Pete Roberts of Nottingham, England, was one of the many risk-takers who threw their savings into cryptocurrencies when prices were going through the roof last winter. Now, eight months later, the US$23,000 he invested in several digital tokens is worth about US$4,000 and he is clearheaded about what happened.
“I got too caught up in the fear of missing out and trying to make a quick buck,” he said last week. “The losses have pretty much left me financially ruined.”
Roberts, 28, has a lot of company. After the latest round of big price drops, many cryptocurrencies have given back all of the enormous gains they experienced last winter. The value of all outstanding digital tokens has fallen by about US$600 billion, or 75 per cent, since the peak in January, according to data from the website coinmarketcap.com.
The virtual currency markets have been through booms and busts before and recovered to boom again. But this bust could have a more lasting impact on the technology’s adoption because of the sheer number of ordinary people who invested in digital tokens over the last year and who are likely to associate cryptocurrencies with financial ruin for a very long time.

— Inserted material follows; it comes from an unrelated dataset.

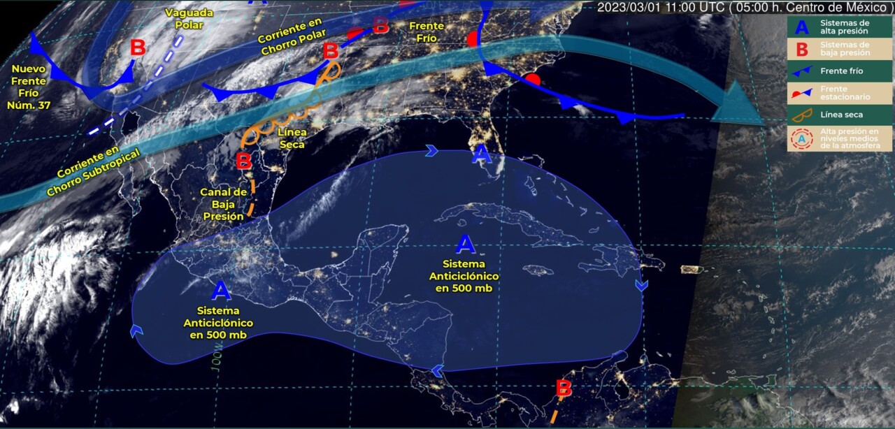 Pronóstico del clima para hoy miércoles 1 de marzo 2023 en Quintana Roo. Para este día, el nuevo frente frío número 37 ingresará sobre el noroeste del país, interaccionará con una vaguada polar y con las corrientes en chorro polar y subtropical, propiciarán lluvias puntuales fuertes en Baja California y Sonora, dichas lluvias podrían incrementar los niveles de ríos y arroyos, así como deslaves e inundaciones en zonas bajas de esos estados.

“What the average Joe hears is how friends lost fortunes,” said Alex Kruger, a former banker who has been trading in the cryptocurrency markets for some time. “Irrational exuberance leads to financial overhang and slows progress.”
It is hard to know how many cryptocurrency investors are now in the red, with holdings worth less than the money they put in. Many who have lost money in recent months had gotten into the markets before the big run-up last year and their holdings are still worth more than their initial investments.
But by many metrics, more people put money into virtual currencies last fall and winter than in all of the preceding nine or so years. Coinbase, the largest cryptocurrency brokerage in the United States, doubled its number of customers between October and March. The startup Square began allowing the users of its mobile app, Square Cash, to buy bitcoin last November.
Almost all of the new customers on Coinbase and Square would be in the red if they bought cryptocurrencies at almost any point over the last nine months and held on to them. The damage is likely to be particularly bad in places like South Korea and Japan, where there was minimal cryptocurrency activity before last year, and where ordinary investors with little expertise jumped in with abandon.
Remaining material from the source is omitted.